Material provided Start Marker

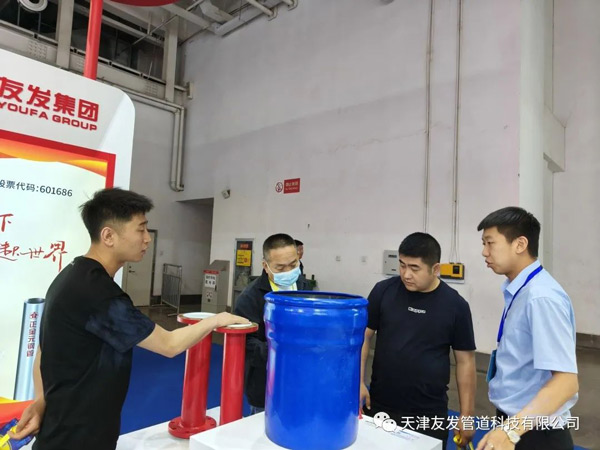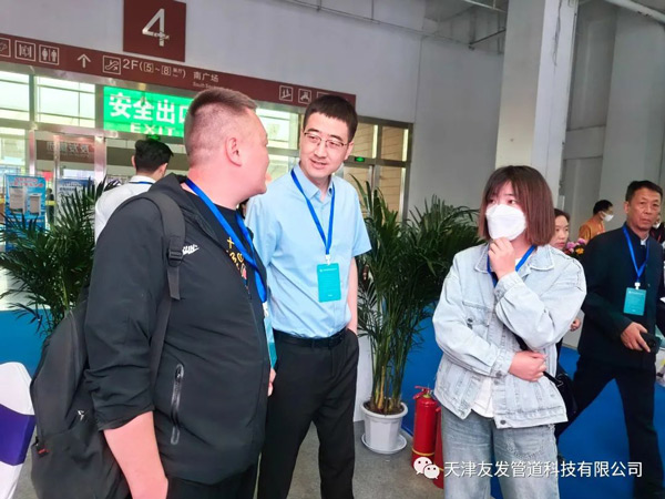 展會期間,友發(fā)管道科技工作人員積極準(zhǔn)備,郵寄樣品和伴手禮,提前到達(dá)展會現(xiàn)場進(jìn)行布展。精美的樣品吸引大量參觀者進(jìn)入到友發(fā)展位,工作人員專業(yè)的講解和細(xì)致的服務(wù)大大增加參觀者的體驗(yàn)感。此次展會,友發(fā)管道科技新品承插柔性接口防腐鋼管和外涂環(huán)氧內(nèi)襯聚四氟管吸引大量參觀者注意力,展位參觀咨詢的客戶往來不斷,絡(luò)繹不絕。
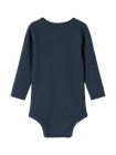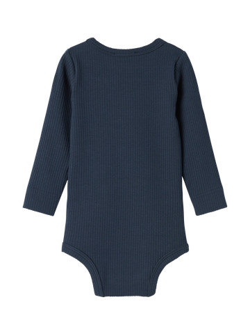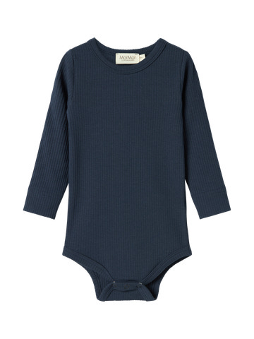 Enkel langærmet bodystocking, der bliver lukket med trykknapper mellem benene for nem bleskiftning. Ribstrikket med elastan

Material provided End Marker
Material provided Start Marker

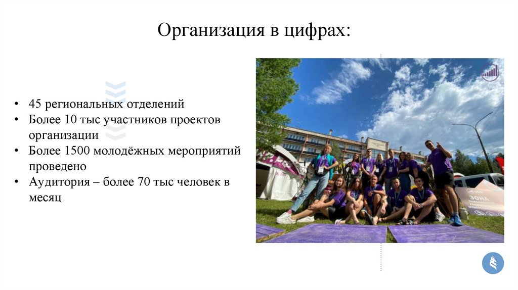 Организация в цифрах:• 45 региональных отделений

Material provided End Marker

▶ [To do]: Going back to the data above, write out everything from the line with "展會期間,友發(fā)管道科" down to the line with "Enkel langærmet bodystocking, der", both included, leaving every picture out.

▶ [Result for this exercise]:
 展會期間,友發(fā)管道科技工作人員積極準(zhǔn)備,郵寄樣品和伴手禮,提前到達(dá)展會現(xiàn)場進(jìn)行布展。精美的樣品吸引大量參觀者進(jìn)入到友發(fā)展位,工作人員專業(yè)的講解和細(xì)致的服務(wù)大大增加參觀者的體驗(yàn)感。此次展會,友發(fā)管道科技新品承插柔性接口防腐鋼管和外涂環(huán)氧內(nèi)襯聚四氟管吸引大量參觀者注意力,展位參觀咨詢的客戶往來不斷,絡(luò)繹不絕。
 Enkel langærmet bodystocking, der bliver lukket med trykknapper mellem benene for nem bleskiftning. Ribstrikket med elastan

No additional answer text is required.